What I've learned from Holly Hunter and Martin Luther

In the movie Network, the character played by Holly Hunter spent a few minutes every morning crying her eyes out and then went about her day. That’s stuck with me through the years because it seemed so bizarre, and yet normal, because I often do the same thing. There are days when I awaken in the morning and I am beside myself with remorse.

I’ve taken great comfort in the way that Luther describes the significance baptism has for our daily lives in The Small Catechism. He suggests that the drowning of the old person and the rebirth of a new person is a process that continues for us each day of our lives. Every day a new person rises. I love that. We can forget about all the stuff that mired us down the previous day and start with a clean slate. Aaaah!

And so, I tried to live as if that were true. But along the way I got tired of pretending and finally came to the conclusion that that’s just not how it works for me. It may be that way for some people, but not for me.

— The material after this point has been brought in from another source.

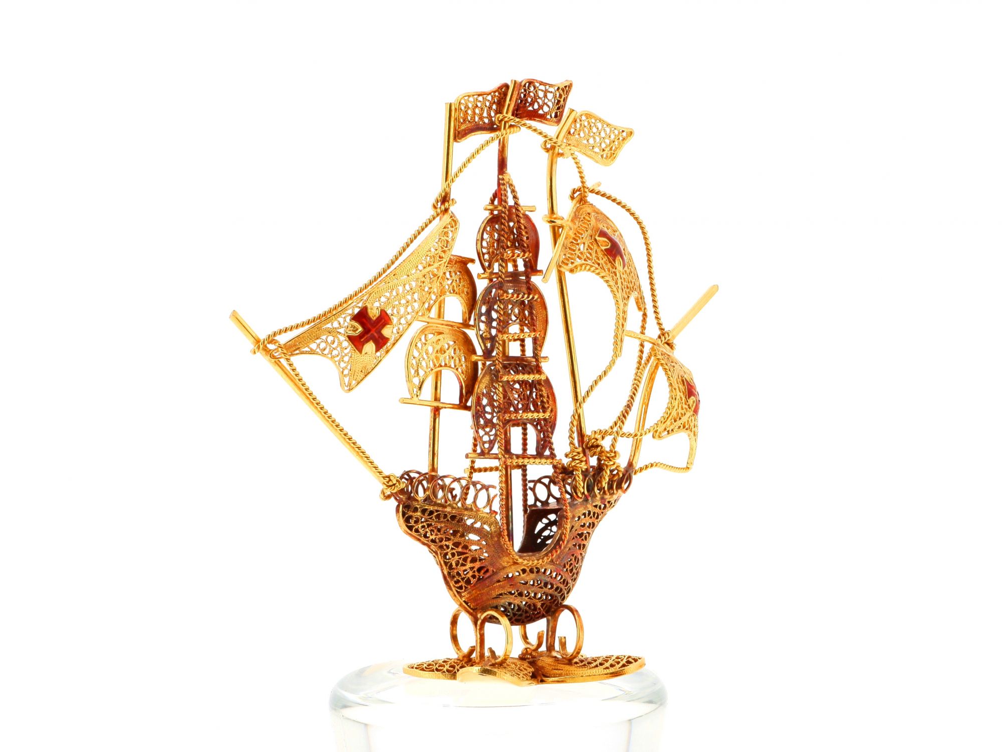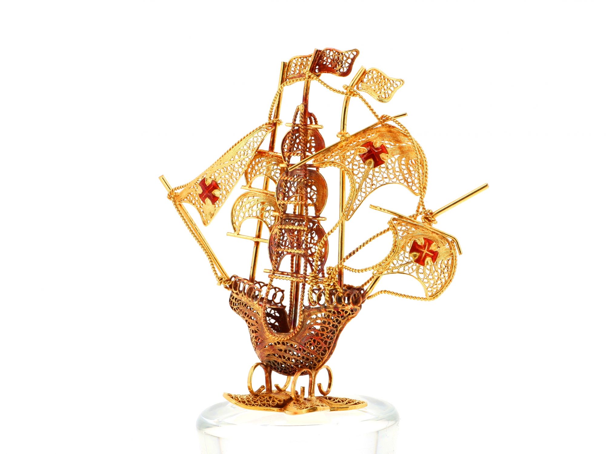 Lote 005 - Caravela em Ouro, trabalhado à mão em FILIGRANA Portuguesa com velas esmaltadas com a Cruz de Cristo, elaborado em OURO 19,2 QUILATES. Estado de Conservação: Bom, sinais de uso. Contraste: Cabeça de Veado 800 (OURO - 1985-2020, ao abrigo do Decreto Lei 120/2017, artigo 3.º, alínea y). Medidas (LxA): 7,8*7,5cm. Peso Total: 25,24g.

My big problem is that every day when I awaken it’s not just the garbage I’m carrying around from the previous 24 hours that is burdening me. It’s the garbage I’m carrying around from the previous 62 years. And that’s a lot of garbage. It’s the stuff that causes me shame and regret, the stuff I just can’t let go. Particularly disturbing to me are the times when I know I have hurt other people. No doubt there are countless times when I have hurt people unknowingly, but the ones I am consciously aware of are more than enough for me to deal with. It’s mostly stupid or careless things that I have said. I can wake up in the morning beating myself up over some hurtful words I said 50 years ago. Seriously, I can. So, the whole clean slate metaphor doesn’t work for me. But, is that really what Luther was talking about?

One of the things I’ve come to understand about being a Christian is that it’s not about trying to become a really good person. For a long time, I thought that was the case. Life was about striving for perfection, knowing I could never achieve it, but trying to get as close to it as I could. So, what a lovely idea to know that every day I had a fresh start, that I got a free pass and all of my failures were hereby declared null and void. Then I could start all over again... and accumulate a whole new set of failures. (I suspect this is the way many of us look at weekly confession at worship.) But that theology just doesn’t work for me anymore. It’s not how I’ve grown to understand God and it’s not true to my experience as a person of faith.

Instead of striving for perfection, I see the purpose of my life as striving for wholeness. That means not only accepting who I am with all my imperfections, but even embracing my imperfections. They are a part of who I am, a part of the person God loves. God doesn’t just love the bright, shiny things about me. God also loves the dark, crazy things about me. All those things are me. The burden that my failures place on my life comes from my tendency to make them a burden, to see them as negative, and a source of shame.

I still see myself as a sinner, to be sure. But my sin is not what I used to think it was. It’s not a series of acts I commit in the course of a day that I might label wrong or bad. My greatest sin is my failure to embrace the person God created in love by denying a big part of who I am.

And so, when I wake up in the morning kicking myself over those times when I wasn’t the person I thought I should have been, it’s a time to begin again. And once again God drowns my sin. So I rise again, no longer kicking myself, but dancing through the day as God’s beloved daughter.